> [Task]:
Repeat, word for word, every line from the line holding "Tulajdonságok lehetőségre. A" through the final line of the entries below. Skip all pictures.

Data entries
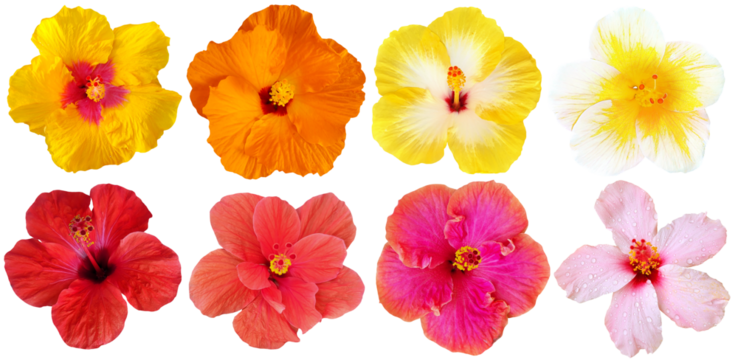 Collection of hibiscus flowers isolated on transparent background, for tropical flowers, relaxation, spa design and background
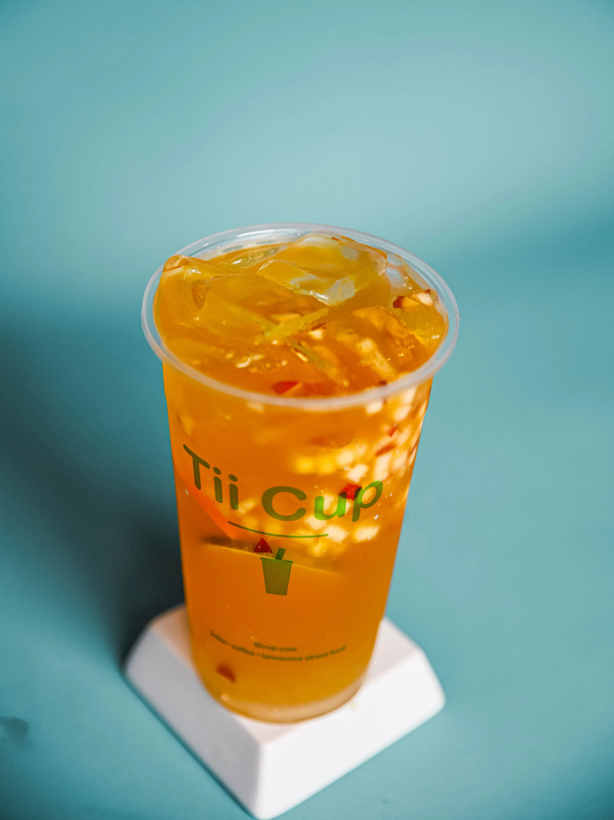 A part of Tii Cup's special drink menu, passion fruit paradise with fresh apple bits, aloe jelly, chia seeds, and fresh lime & orange slices
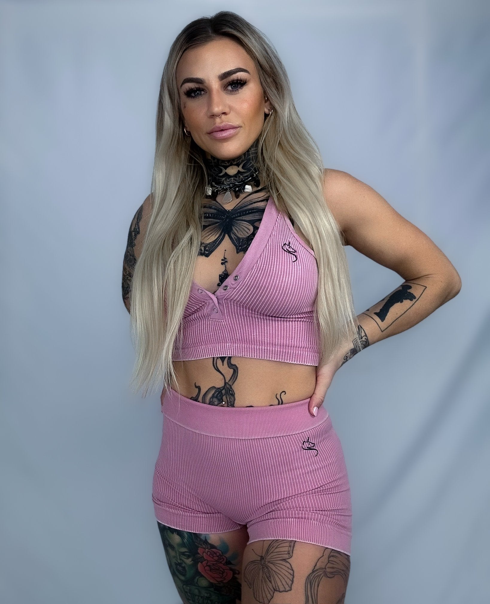 Introducing our Pretty in Pink Ribbed Set. The shorts feature a thick, quality ribbed material with a flattering scrunch butt accent. The shorts are designed to enhance your natural curves while providing optimal support. Pair it with the matching snap-button-down top. Perfect for both gym sessions and casual wear, this pretty in rose bud pink set lets you feel like the strong girlie pop you are.
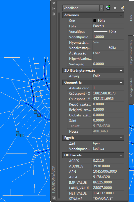 Tulajdonságok lehetőségre. A rózsaszín vonalláncok olyan telkeket jelölnek, amelyek objektumadatai címhez, területhez, értékhez stb. kapcsolódnak.
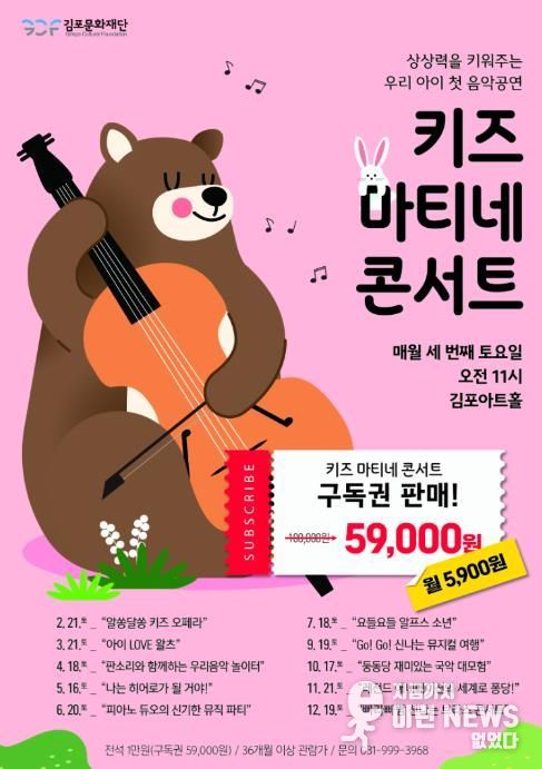 이런뉴스(e-runnews) 김삼성 기자 | (재)김포문화재단은 2025년도 객석점유율 99%, 2024~2025 2년 연속 관객만족도 98점을 달성한 '키즈 마티네 콘서트'를 2026년에도 연속하여 개최한다고 밝혔다.

> [Finished task]:
 Tulajdonságok lehetőségre. A rózsaszín vonalláncok olyan telkeket jelölnek, amelyek objektumadatai címhez, területhez, értékhez stb. kapcsolódnak.
 이런뉴스(e-runnews) 김삼성 기자 | (재)김포문화재단은 2025년도 객석점유율 99%, 2024~2025 2년 연속 관객만족도 98점을 달성한 '키즈 마티네 콘서트'를 2026년에도 연속하여 개최한다고 밝혔다.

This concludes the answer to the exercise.